System Call Tracing / Fault Injection
strace can be used to track the system calls that are performed and provide the number of calls / time spent in each system call. This can be done by prepending strace -c
to a clamscan
command. Results will look something like this:
% time seconds usecs/call calls errors syscall
------ ----------- ----------- --------- --------- ----------------
95.04 0.831430 13 62518 read
3.22 0.028172 14 2053 munmap
0.69 0.006005 3 2102 mmap
0.28 0.002420 7 344 pread64
0.16 0.001415 5 305 1 openat
0.13 0.001108 3 405 write
0.11 0.000932 23 40 mprotect
0.07 0.000632 2 310 close
0.07 0.000583 9 67 30 access
0.05 0.000395 1 444 lseek
0.04 0.000344 2 162 fstat
0.04 0.000338 1 253 brk
0.03 0.000262 1 422 fcntl
0.02 0.000218 16 14 futex
0.01 0.000119 1 212 getpid
0.01 0.000086 14 6 getdents
0.00 0.000043 7 6 dup
0.00 0.000040 1 31 unlink
0.00 0.000038 19 2 rt_sigaction
0.00 0.000037 19 2 rt_sigprocmask
0.00 0.000029 1 37 stat
0.00 0.000022 11 2 prlimit64
0.00 0.000021 21 1 sysinfo
0.00 0.000020 1 33 clock_gettime
0.00 0.000019 19 1 arch_prctl
0.00 0.000018 18 1 set_tid_address
0.00 0.000018 18 1 set_robust_list
0.00 0.000013 0 60 lstat
0.00 0.000011 0 65 madvise
0.00 0.000002 0 68 geteuid
0.00 0.000000 0 1 execve
0.00 0.000000 0 1 uname
0.00 0.000000 0 1 getcwd
------ ----------- ----------- --------- --------- ----------------
100.00 0.874790 69970 31 total
strace
can also be used for cool things like system call fault injection. For instance, let's say you are curious whether the read
bytecode API call is implemented in such a way that the underlying read
system call could handle EINTR
being returned (which can happen periodically). To test this, write the following bytecode rule:
VIRUSNAME_PREFIX("BC.Heuristic.Test.Read.Passed")
VIRUSNAMES("")
TARGET(0)
SIGNATURES_DECL_BEGIN
DECLARE_SIGNATURE(zeroes)
SIGNATURES_DECL_END
SIGNATURES_DEF_BEGIN
DEFINE_SIGNATURE(zeroes, "0:0000")
SIGNATURES_DEF_END
bool logical_trigger()
{
return matches(Signatures.zeroes);
}
#define READ_S(value, size) if (read(value, size) != size) return 0;
int entrypoint(void)
{
char buffer[65536];
int i;
for (i = 0; i < 256; i++)
{
debug(i);
debug("\n");
READ_S(buffer, sizeof(buffer));
}
foundVirus("");
return 0;
}
Compiled the rule, and make a test file to match against it.
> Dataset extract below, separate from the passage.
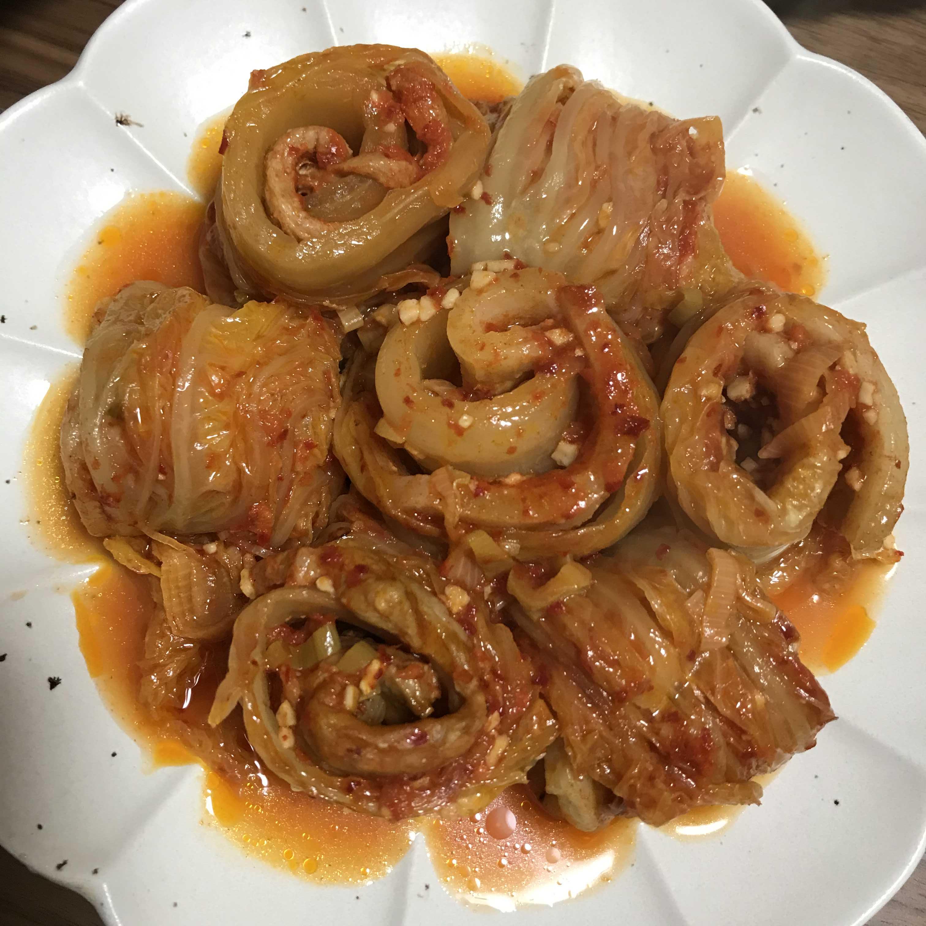 평소에 김치말이찜을 만들때는 돼지고기 등심을 사용했는데 삼겹살을 이용하니 등심보다는 살짝 돼지고기 냄새가 났다. 흠... 따로 후추나 맛살을 넣지 않아서 그런가 !?

Then run it under strace
to determine what underlying read system call is being used for the bytecode read
function:
clambc-compiler read_test.bc
dd if=/dev/zero of=/tmp/zeroes bs=65535 count=256
strace clamscan -d read_test.cbc --bytecode-unsigned /tmp/zeroes
It uses pread64
under the hood, so the following command could be used for fault injection:
strace -e fault=pread64:error=EINTR:when=20+10 clamscan -d read_test.cbc --bytecode-unsigned /tmp/zeroes
This command tells strace
to skip the first 20 pread64
calls (these appear to be used by the loader, which didn't seem to handle EINTR
correctly) but to inject EINTR
for every 10th call afterward. We can see the injection in action and that the system call is retried successfully:
pread64(3, "\0\0\0\0\0\0\0\0\0\0\0\0\0\0\0"..., 65536, 15007744) = 65536
pread64(3, "\0\0\0\0\0\0\0\0\0\0\0\0\0\0\0"..., 65536, 15073280) = 65536
pread64(3, "\0\0\0\0\0\0\0\0\0\0\0\0\0\0\0"..., 65536, 15138816) = 65536
pread64(3, "\0\0\0\0\0\0\0\0\0\0\0\0\0\0\0"..., 65536, 15204352) = 65536
pread64(3, "\0\0\0\0\0\0\0\0\0\0\0\0\0\0\0"..., 65536, 15269888) = 65536
pread64(3, "\0\0\0\0\0\0\0\0\0\0\0\0\0\0\0"..., 65536, 15335424) = 65536
pread64(3, "\0\0\0\0\0\0\0\0\0\0\0\0\0\0\0"..., 65536, 15400960) = 65536
pread64(3, "\0\0\0\0\0\0\0\0\0\0\0\0\0\0\0"..., 65536, 15466496) = 65536
pread64(3, "\0\0\0\0\0\0\0\0\0\0\0\0\0\0\0"..., 65536, 15532032) = 65536
pread64(3, 0x7f6a7ff43000, 65536, 15597568) = -1 EINTR (Interrupted system call) (INJECTED)
pread64(3, "\0\0\0\0\0\0\0\0\0\0\0\0\0\0\0"..., 65536, 15597568) = 65536
More documentation on using strace
to perform system call fault injection, see this presentation from FOSDEM 2017.